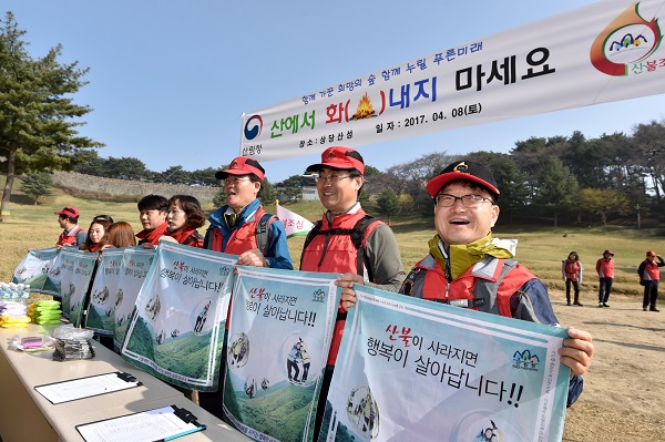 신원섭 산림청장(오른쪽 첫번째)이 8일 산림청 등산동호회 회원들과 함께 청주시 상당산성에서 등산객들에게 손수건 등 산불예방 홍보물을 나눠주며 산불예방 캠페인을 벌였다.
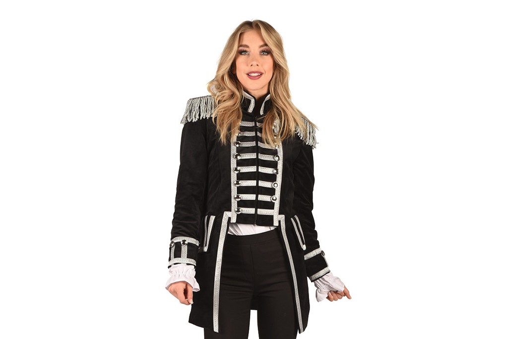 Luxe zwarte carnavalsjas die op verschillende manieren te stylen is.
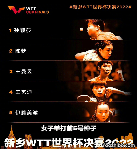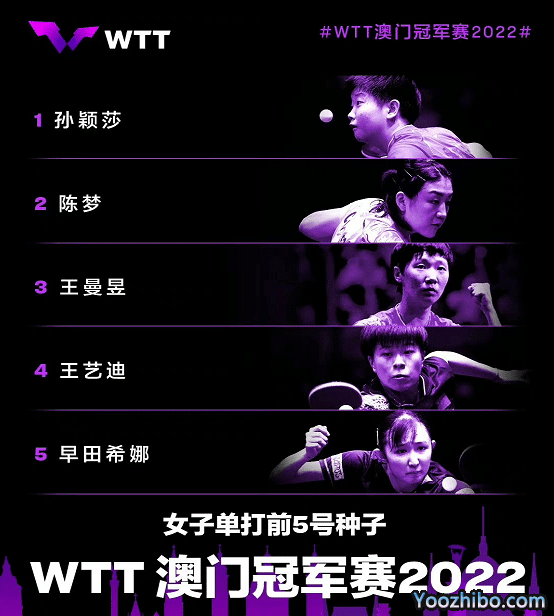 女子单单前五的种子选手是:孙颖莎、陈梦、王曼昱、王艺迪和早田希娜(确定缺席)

▬▬▬▬▬▬▬▬▬▬

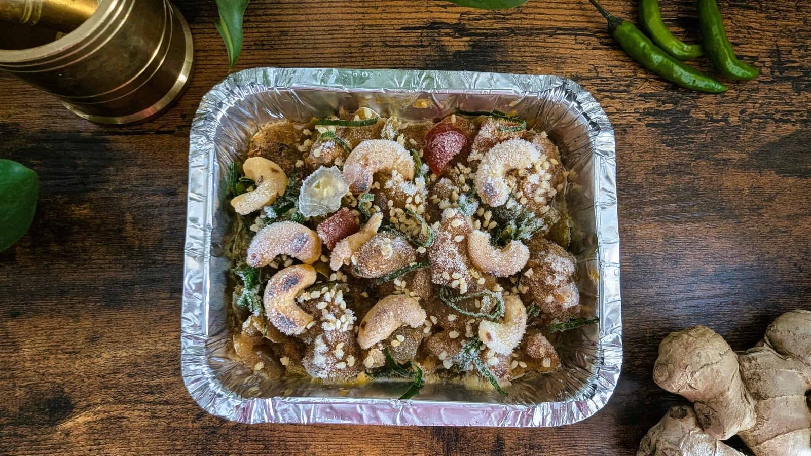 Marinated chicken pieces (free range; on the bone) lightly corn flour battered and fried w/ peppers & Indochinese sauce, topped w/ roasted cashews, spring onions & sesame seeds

▬▬▬▬▬▬▬▬▬▬

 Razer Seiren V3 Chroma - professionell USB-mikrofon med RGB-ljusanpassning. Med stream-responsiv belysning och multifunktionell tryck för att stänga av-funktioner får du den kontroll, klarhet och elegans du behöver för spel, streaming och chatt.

▬▬▬▬▬▬▬▬▬▬

* [Required action] Precisely those lines above that run from the line with "신원섭 산림청장(오른쪽 첫번째)이" up to and including the line with "女子单单前五的种子选手是:孙颖莎、陈梦、王曼昱、王艺迪和早田希娜(确定缺席)" are to be set down, with the pictures omitted.

* [Response below]
 신원섭 산림청장(오른쪽 첫번째)이 8일 산림청 등산동호회 회원들과 함께 청주시 상당산성에서 등산객들에게 손수건 등 산불예방 홍보물을 나눠주며 산불예방 캠페인을 벌였다.
 Luxe zwarte carnavalsjas die op verschillende manieren te stylen is.
 女子单单前五的种子选手是:孙颖莎、陈梦、王曼昱、王艺迪和早田希娜(确定缺席)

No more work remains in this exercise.